What is central in this case is the fact that the accused was in custody for the purpose of being interviewed in relation to the offence. In these circumstances, it is difficult to see how it could be said that a “covert investigation” was being carried out, as even the accused knew full well that the investigation was being carried out and that he was a suspect in it. This is not to say that this circumstance is absolutely determinative of the matter, but there would need to be extreme or extraordinary circumstances which justified the course adopted here.
In light of the above I find that, given the circumstances in which the evidence was obtained by the undercover officer, it would be unfair to use that evidence against the accused pursuant to s 90 of the Act. Although the issue was not raised in argument, I would also be inclined to adopt the view that the evidence could be said to have been improperly obtained within the meaning of s 138 of the Act.[2]
[2]See R v Swaffield; Pavic v R (1998) 192 CLR 159, 193-5 where the relevant principles are discussed, including reference to s 90 of the Evidence Act 1995 (NSW).
Since the impugned evidence both proceeded and follows what was said in the record of interview, the question arises as to whether or not I also ought to exclude the record of interview pursuant to s 90 of the Act.
It was not in dispute that the informant did not know what had been said to the undercover officer until he had completed a reasonable portion of the interview. In those circumstances I regard the record of interview as standing in its own right.

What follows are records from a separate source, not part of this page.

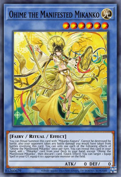 You can Ritual Summon this card with “Mikanko Kagura”. Cannot be destroyed by battle, also your opponent takes any battle damage you would have taken from battles involving this card. You can only use each of the following effects of “Ohime the Manifested Mikanko” once per turn. You can reveal this card in your hand; add 1 “Mikanko” card from your Deck to your hand, except “Ohime the Manifested Mikanko”, then discard 1 card. (Quick Effect): You can target 1 Equip Spell in your GY; equip it to 1 appropriate monster on the field.
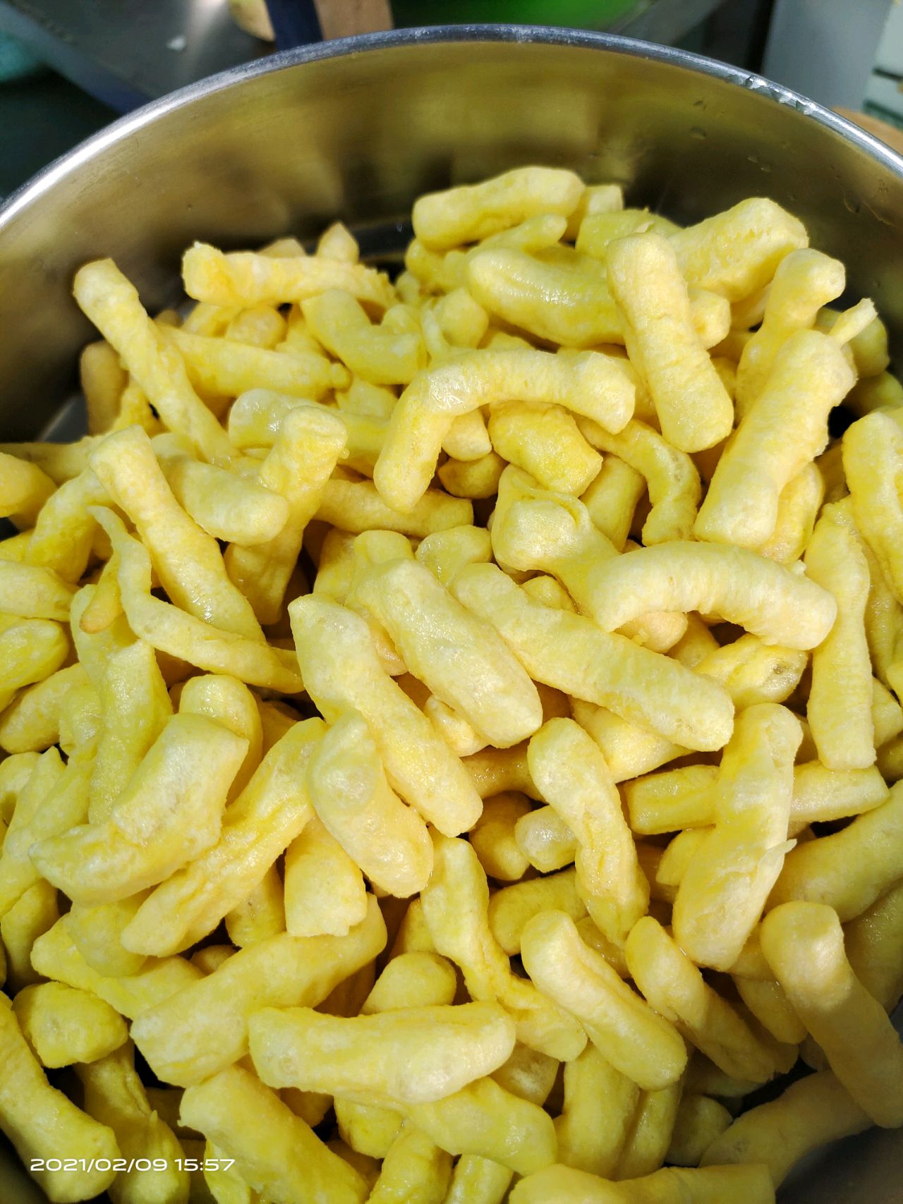 步骤8、再改短条,面上撒一点玉米淀粉这个时候锅中倒入足够的无味油,烧至用筷子探探、冒泡泡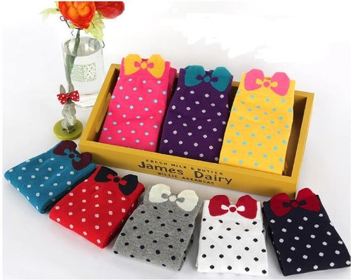 Aolevia 4 pcs Aimable 3D Chaussette Femme Courte En Coton Avec Noeud Papillon Confortable et à La Mode Pour 4 Saisons Taille Unique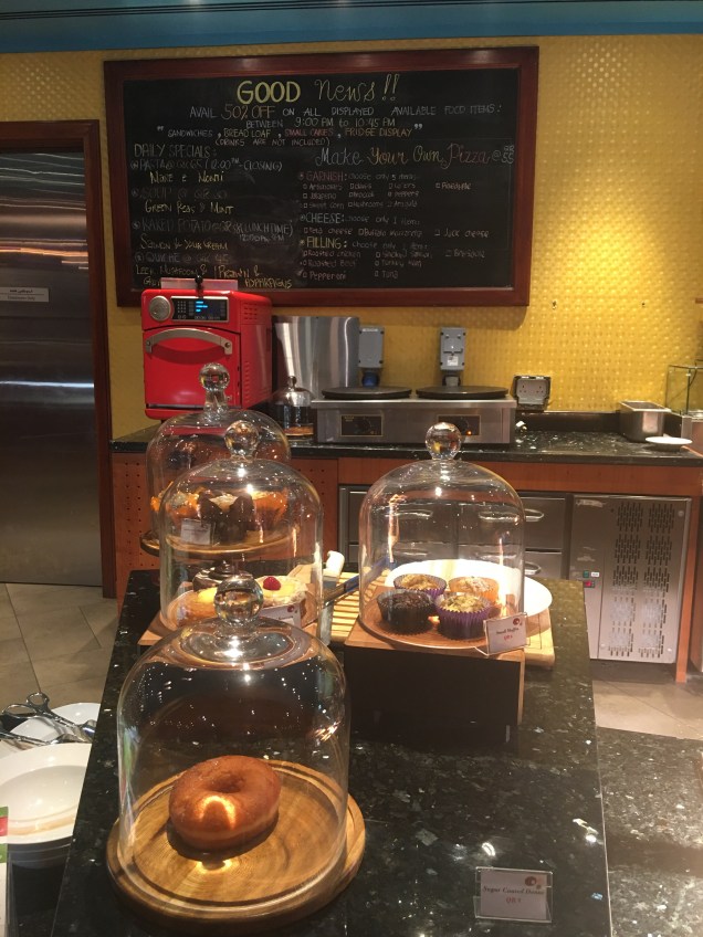 In an attempt to get a little fitter I’ve joined the gym at the Marriott Marquis. I decided after my first visit to reward my commitment with a take out from Quick Bites located on the ground floor. I now realise I have set a dangerous precedent because the food is really good! I’d describe it more of a cafe than a restaurant – it has a lovely light, bright, spacious feel to it with a fantastic long counter displaying sweet and savory items.

Although I find that the informant might have taken more steps to do something about getting the accused legal advice, particularly given the time of day at which the interview was conducted and the fact the interview could have been delayed until the next day, it seems to me that, upon a fair reading of what occurred, the accused did know what his rights were and chose to proceed with the interview.
Accordingly, I would admit the record of interview. If the accused is of the view that in those circumstances he would prefer to have the conversation with the undercover officer in evidence that is a matter for him, and I will hear the parties in this regard.